Zuckerberg then mentioned that breaking up Facebook would only make fighting misinformation and harmful content more difficult. Any smaller company spawned from the breakup, he suggested, would spend less on policing its service, implying that its leader would inevitably choose profits over corporate responsibility.

“The success of this company has allowed us to fund these efforts at a massive level,” Zuckerberg said. “We’re able to do things that are just not possible for other folks to do.”

Attack of the Fake Accounts

In the first quarter, Facebook removed 2.2 billion fake accounts, 1 billion than during the previous quarter. The number of accounts deleted is so big that it rivals the number of Facebook’s 2.4 billion monthly active users.

The company said the higher numbers were due to increased efforts by spammers that use automation to create fake accounts.
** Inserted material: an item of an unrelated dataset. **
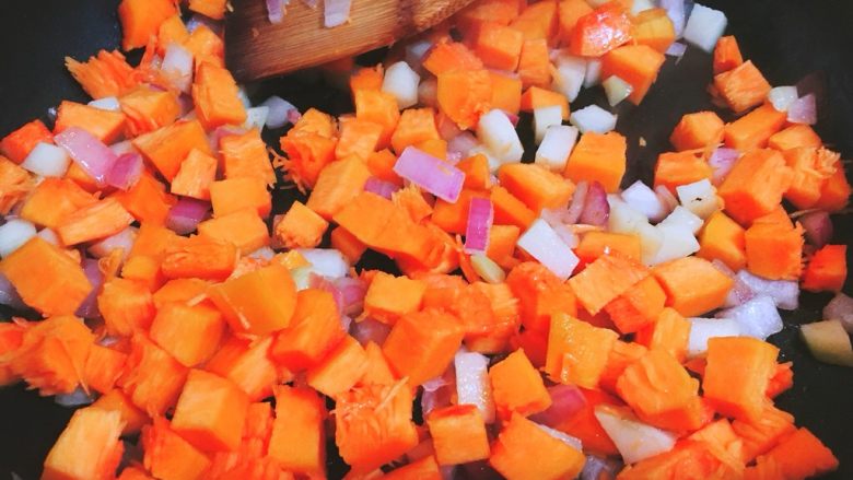 4. 洋葱煸炒至透明软化,加入土豆丁

Facebook said that nearly all of them were caught within minutes of registration if not before they could be registered.

Facebook said that fake accounts made up 5% of its monthly active users over the six-month period that the report covered, indicating that some are still slipping through and are only detected later.

Bullying and Harassment Dilemma

Facebook’s use of artificial intelligence to identify and remove harassing and bullying posts is still a work in progress, according to its data. In the first quarter, it was only able to remove 14.1% of all such content, compared to 21% during the fourth quarter

The reason? Unlike some other kinds of content, bullying and harassment is too difficult for software to identify.
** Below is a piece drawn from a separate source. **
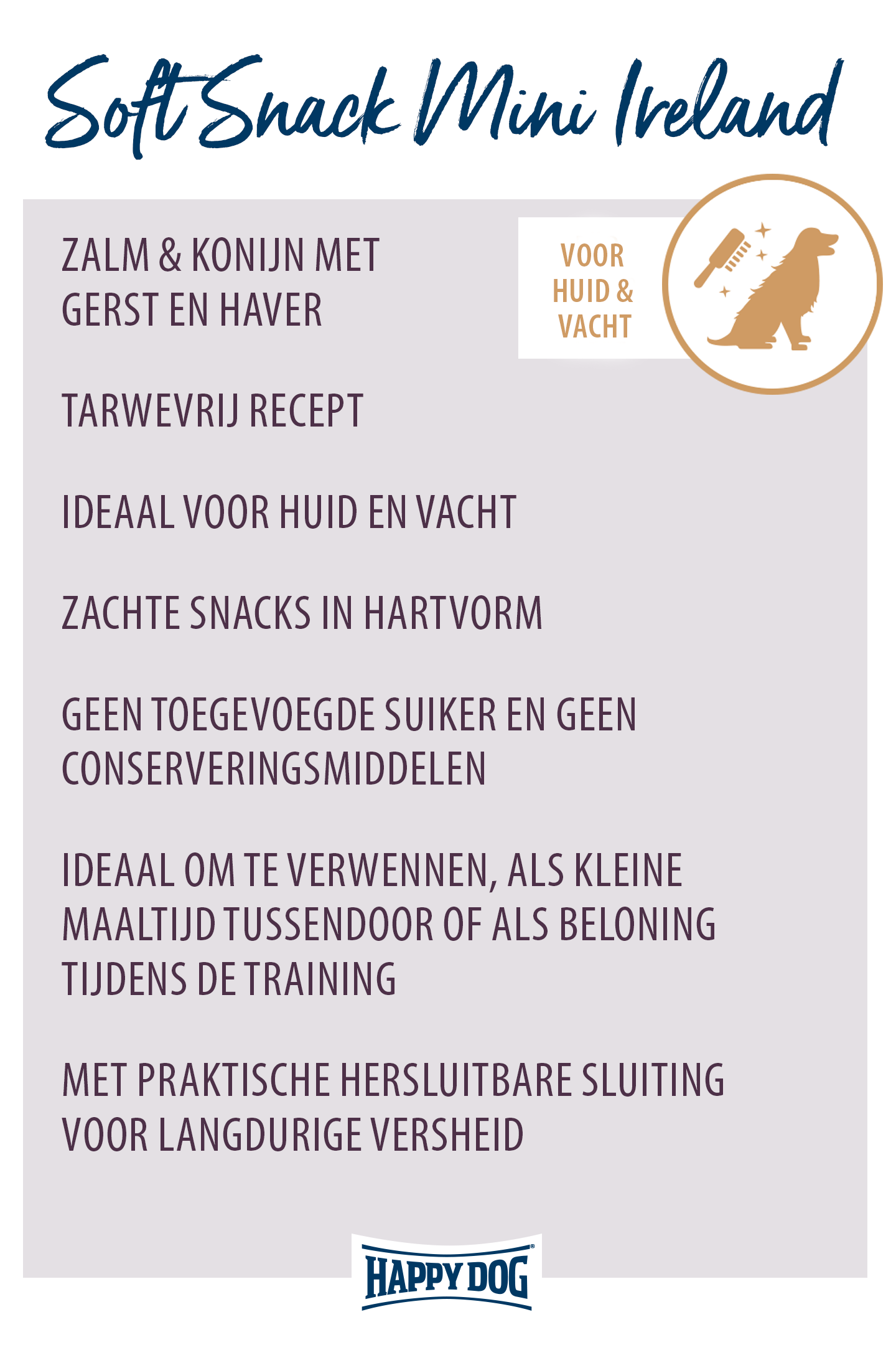 Met een lekkernij in je handen trek je meteen de aandacht van je kleine lieveling. Natuurlijk kun je zelf lekkere snacks voor je viervoeter maken, maar je kunt ook teruggrijpen naar onze smaakvolle Soft Snacks Mini Ireland. Onze lekkere snacks in een handig zakje worden gemaakt van zalm en konijn. We gebruiken principieel geen toegevoegde suikers of kunstmatige conserveringsmiddelen. In de plaats daarvan ondersteunen Omega 3- en Omega 6-vetzuren een glanzende vacht bij je kleine hond. Zo kun je je lieve schat tijdens de training of als tussendoortje een plezier doen.

“We expect that for the foreseeable future, our automated systems will not have the ability to detect this content at a scale similar to other policy violations,” Facebook said in the transparency report.

Privacy Versus Safety

Earlier this year, Facebook announced plans to focus more on private communications for its users and encryption. More users want to chat in smaller groups or via direct messaging, Facebook said, than post publicly.
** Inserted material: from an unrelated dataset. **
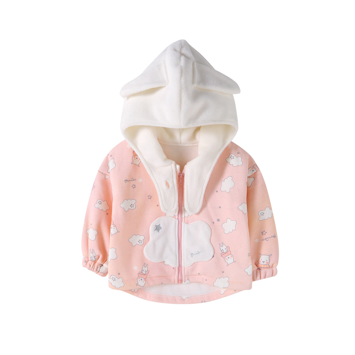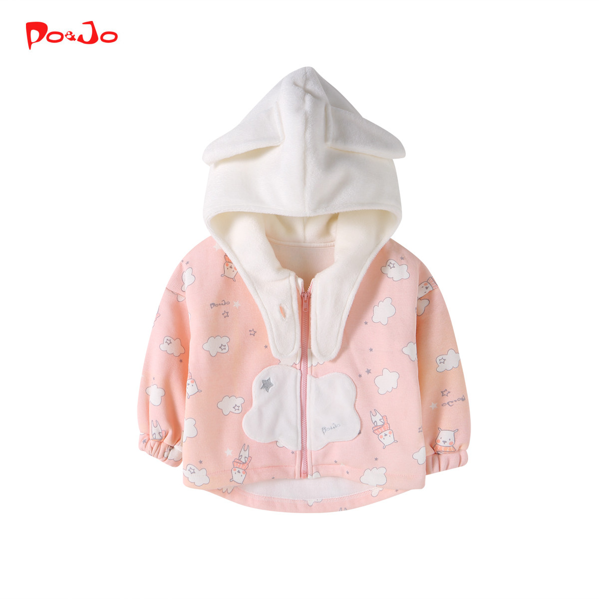 Leather Jo Winter Clothing Baby Baby Girl Children Clothes Blouses Coat jacket Even cap thickened warm and velvety autumn and winter

And while encryption and private spaces protect user data, they complicate how Facebook can police its network. It’s unclear whether Facebook will be able to do as good of a job in identifying harmful content considering the new reality.

“We recognize its gong to be harder to find all of the different types of harmful content,” Zuckerberg said. “We’ll be fighting that battle without one of the very important tools, which is, of course, being able to look at the content itself.”

Firearms and Drugs

In the first quarter, Facebook reviewed 900,000 pieces of content, nearly 300,000 more than during the previous quarter. It used software to identify 83.3% of those posts, up from 77.2% the previous quarter.

In terms of firearms, Facebook said it reviewed 670,000 pieces of content in the first quarter, 754,000 during the fourth quarter. Software identified 69.9% of the cases, up from 64.9% the previous quarter.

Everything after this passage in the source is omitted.